E esta hipótese me faz pensar em outras duas. A primeira é se esta fórmula (as mulheres são legais, os homens não) já não está um pouco desgatada quando se olha para a contemporaneidade. Será que este conjunto de arquétipos, mitos e crenças ainda conversa com quem somos hoje, homens e mulheres? Não falo apenas sexuais, mas de mudanças em todos os sentidos (sociais, culturais, psíquicos, políticos, morais, espirituais e sexuais). Para melhor ou pior? Não sei, esta já é outra (e longa) discussão que não cabe aqui. Mas o fato é que estes extremos estão cada vez mais perto do centro. O bem já não é tão bom assim, e vice-versa. A linha está tênue demais para que a gente precise escolher um lado. Guerra dos sexos então, nem se fale. Esta sim fede a naftalina.

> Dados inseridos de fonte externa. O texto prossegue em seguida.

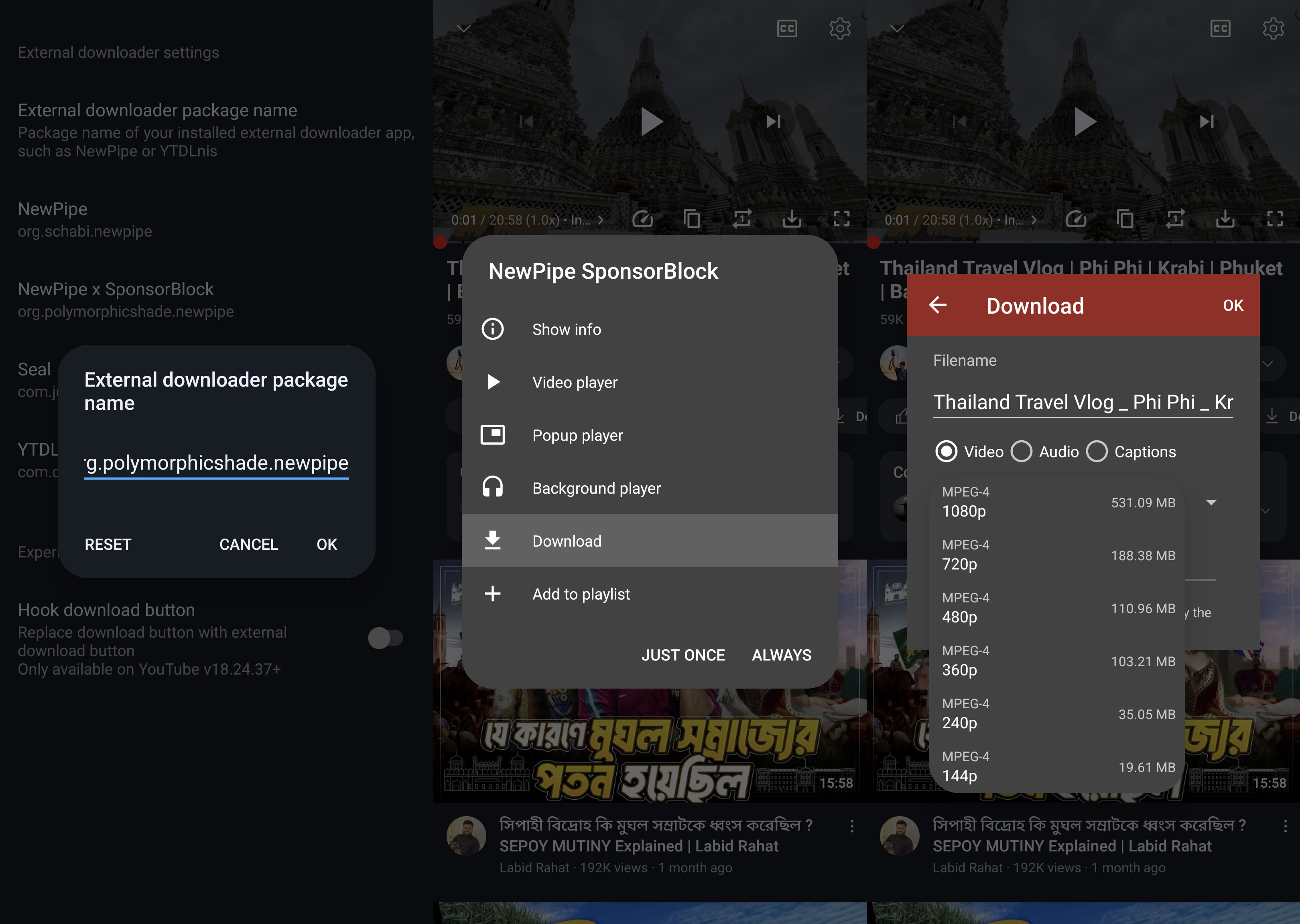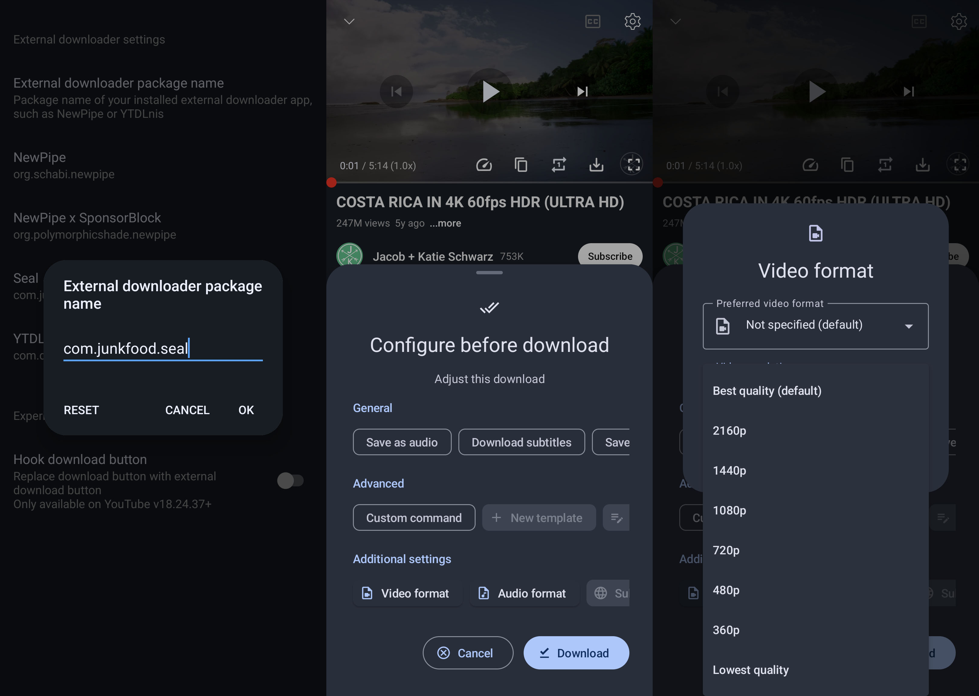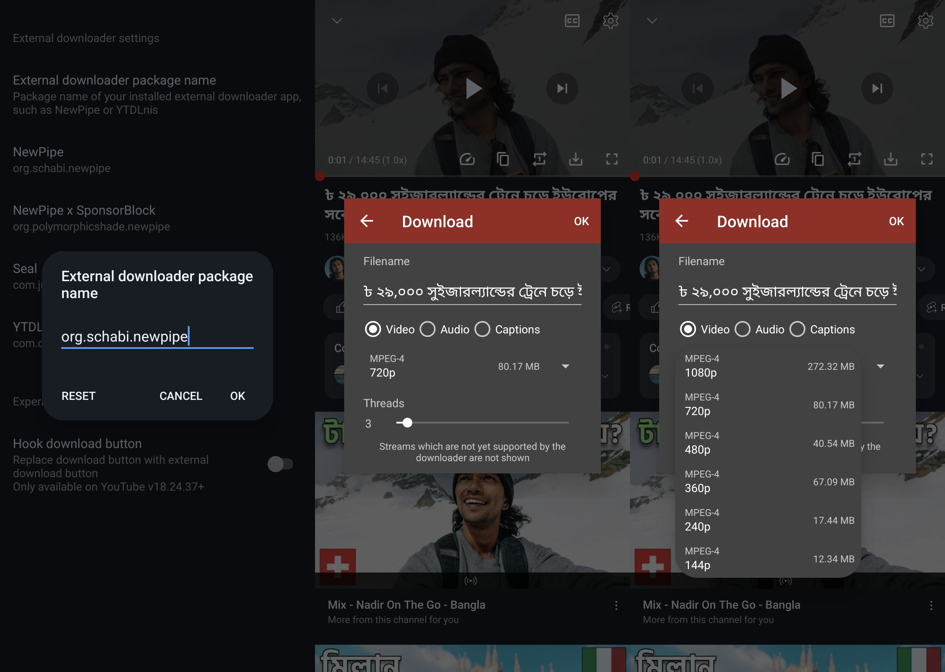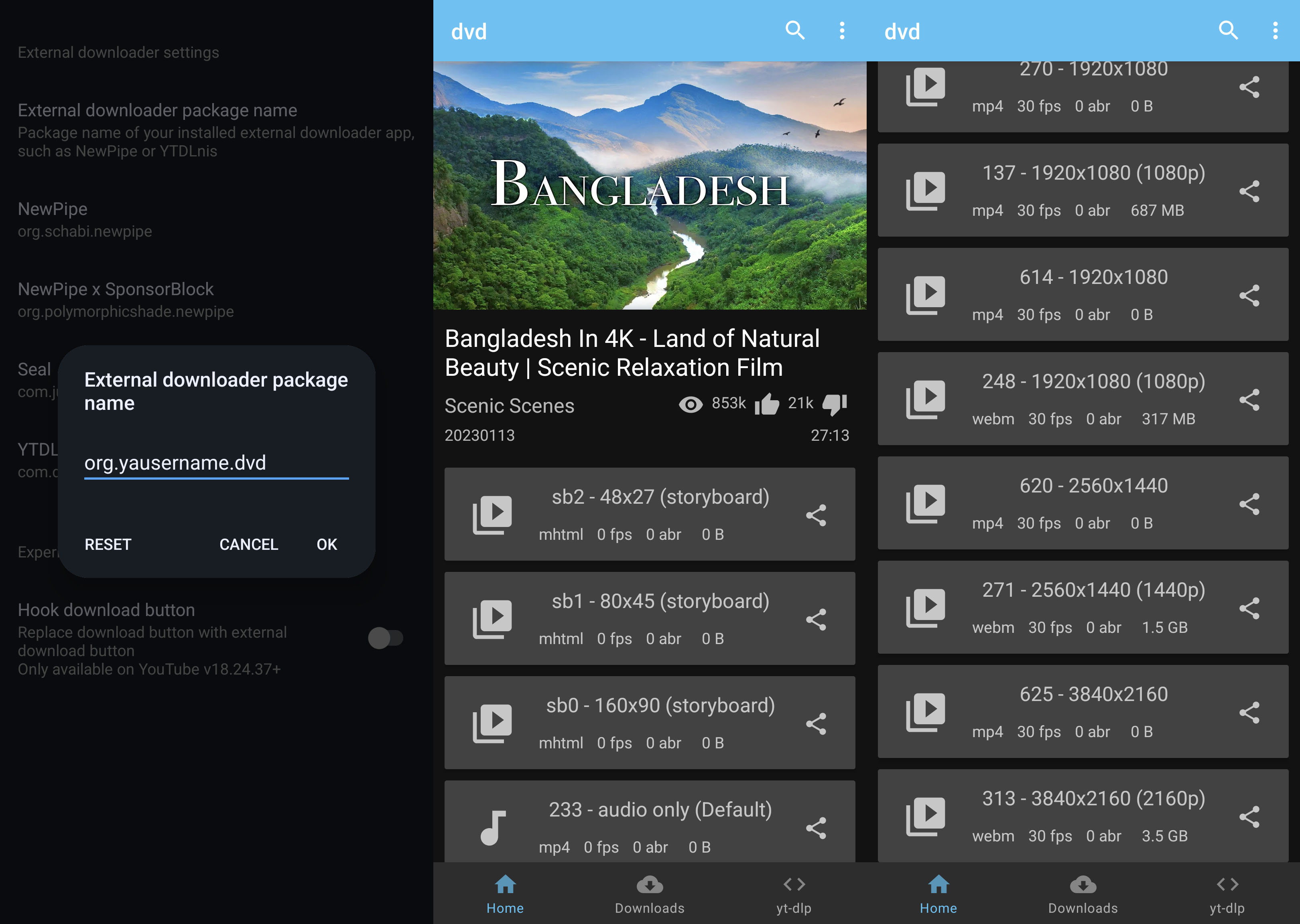 The package org.schabi.newpipe belongs to NewPipe. If you prefer a different downloader, please paste its corresponding package here.

Muito em função destes pensamentos, esta construção da relação entre vítima e carrasco, se não for roteiro de quadrinhos, é sempre muito relativa. Sim, o filme até tem um pouco desta estética comics (ok, entendido, divertido), mas também revela uma pretensão de estimular uma reflexão mais ampla, um pouco mais filosófica. Se foi esta da mulher como vítima de seu meio, ah não, de novo não, please. Será mesmo que nesta relação homem-mulher existe uma força tão arcaica assim que nunca há de mudar? Se existe, quero saber qual é.

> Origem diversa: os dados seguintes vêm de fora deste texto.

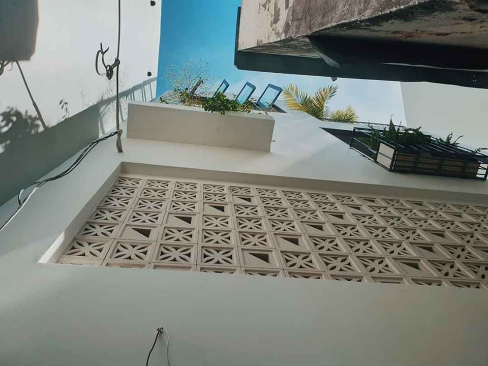 | Tầng 1 bao gồm phòng khách, bếp, nhà vệ sinh và cầu thang. Để các khu vực bên trong luôn thoáng sáng, anh Thanh Đường sử dụng gạch bông gió cho một phần tường, bên trong ốp kính và nẹp gỗ xung quanh. |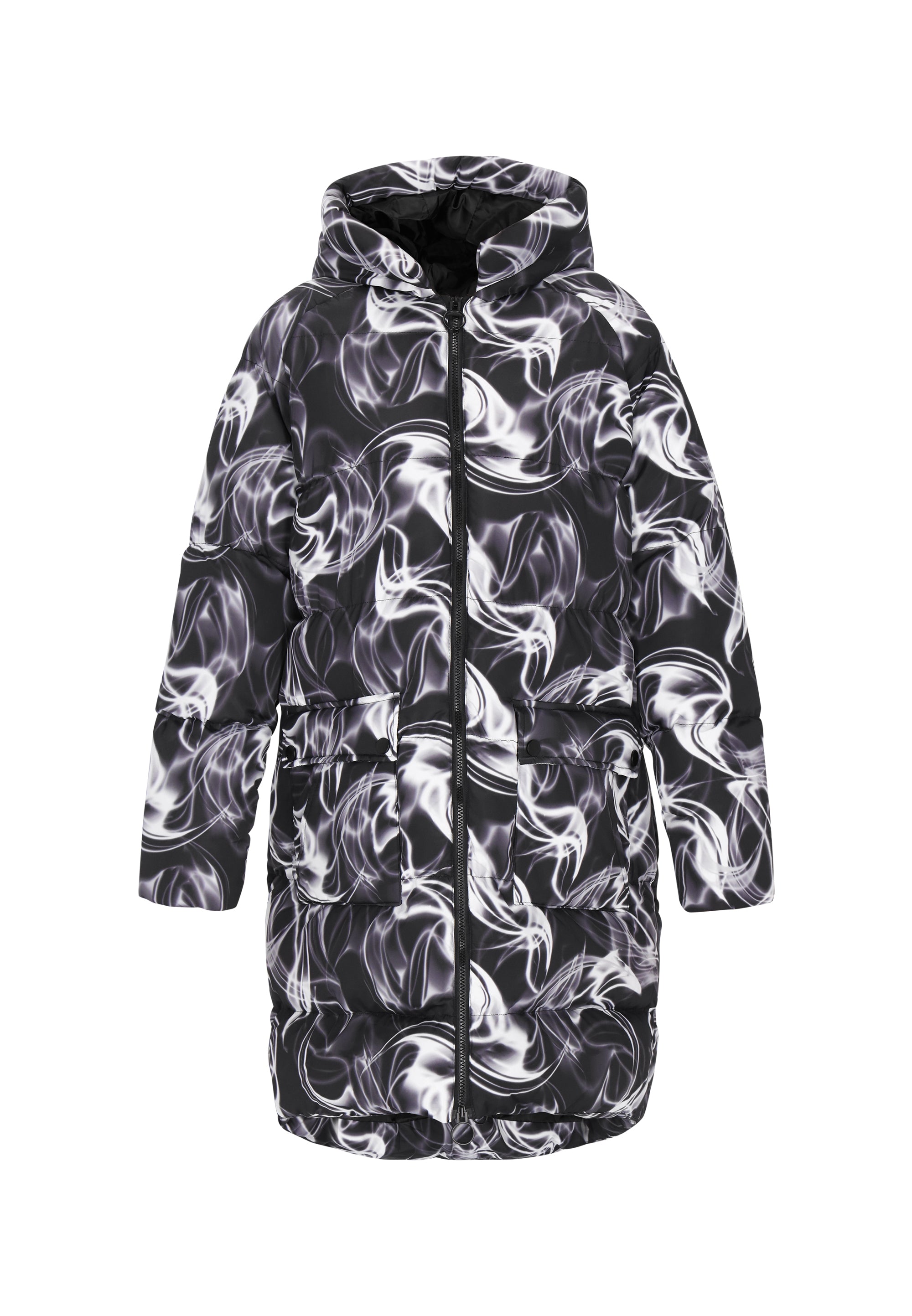 Keyword: abstract print, coat, comfy, flap pockets, hood, long sleeves, mymo athleisure collection, outerwear, puffer coat, relaxed fit, woven, young fashion, zip-up

Daí chego na segunda hipótese, que tem a ver com a imagem que ele construiu como o diretor que mais entende da alma feminina. Vários fatores determinaram sua fama: ele fez filmes incríveis (e com mulheres poderosas como Penélope Cruz), tem este jeito de gênio maluco do circuito alternativo e é gay (teoricamente, ninguém melhor que ele para entender desta tal alma feminina). Funcionou. Até Angelina Jolie fez "a desesperada" na frente das câmeras para conseguir um papel seu. Justo ela, tão acostumada a ganhar. Ele bem que poderia responder: "se quer entrar para meu time, vai ter que bancar a coitada".
Piadinhas infames à parte, minha dúvida é. Se nos ama tanto, por que condenou o herói da história a viver aprisionado no corpo de uma mulher? Soou como punição máxima de uma existência, maior que a morte. Foi isso mesmo ou será que estou louca? Eu não quero que me expliquem o roteiro, só quero saber que força pulsante fez Almodóvar chegar a ele.

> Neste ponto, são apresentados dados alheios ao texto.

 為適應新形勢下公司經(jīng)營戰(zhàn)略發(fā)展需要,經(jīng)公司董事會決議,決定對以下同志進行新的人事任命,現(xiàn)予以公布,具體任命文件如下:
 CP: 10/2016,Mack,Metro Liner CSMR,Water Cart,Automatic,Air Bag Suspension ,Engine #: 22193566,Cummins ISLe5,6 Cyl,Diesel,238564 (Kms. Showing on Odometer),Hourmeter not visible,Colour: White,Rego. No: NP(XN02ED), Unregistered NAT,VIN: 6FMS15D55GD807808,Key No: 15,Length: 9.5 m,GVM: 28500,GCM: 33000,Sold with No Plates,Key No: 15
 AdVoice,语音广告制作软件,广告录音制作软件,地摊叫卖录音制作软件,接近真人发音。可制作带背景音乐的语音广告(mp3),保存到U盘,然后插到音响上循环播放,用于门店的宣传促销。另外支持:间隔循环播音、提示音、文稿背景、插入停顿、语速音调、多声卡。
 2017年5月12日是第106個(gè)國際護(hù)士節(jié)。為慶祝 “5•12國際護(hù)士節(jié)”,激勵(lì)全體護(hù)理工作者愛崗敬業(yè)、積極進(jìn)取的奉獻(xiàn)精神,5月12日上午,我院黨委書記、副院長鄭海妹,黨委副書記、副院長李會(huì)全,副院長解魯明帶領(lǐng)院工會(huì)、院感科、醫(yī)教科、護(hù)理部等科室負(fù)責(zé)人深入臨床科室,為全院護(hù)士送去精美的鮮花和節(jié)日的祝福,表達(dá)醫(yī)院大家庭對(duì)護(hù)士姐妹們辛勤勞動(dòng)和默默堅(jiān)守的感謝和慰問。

Não deu para saber direito qual foi. Só posso dizer que "A Pele que Habito" tem cheiro de raiva embutida, e dessa vez não é pelos homens. Se não é raiva, pode ser que ele tenha se cansado de falar deste universo (que ele próprio criou), e acabou saindo assim.
Você que assistiu, feche os olhos, invada o filme e tire a máscara do Antônio Bandeiras. É provável que encontre ali Almodóvar e seu alter ego masculino, tão controlador quanto o de seus personagens. Será que não? Se eu estiver certa, tudo bem. Afinal, que mal há nisso?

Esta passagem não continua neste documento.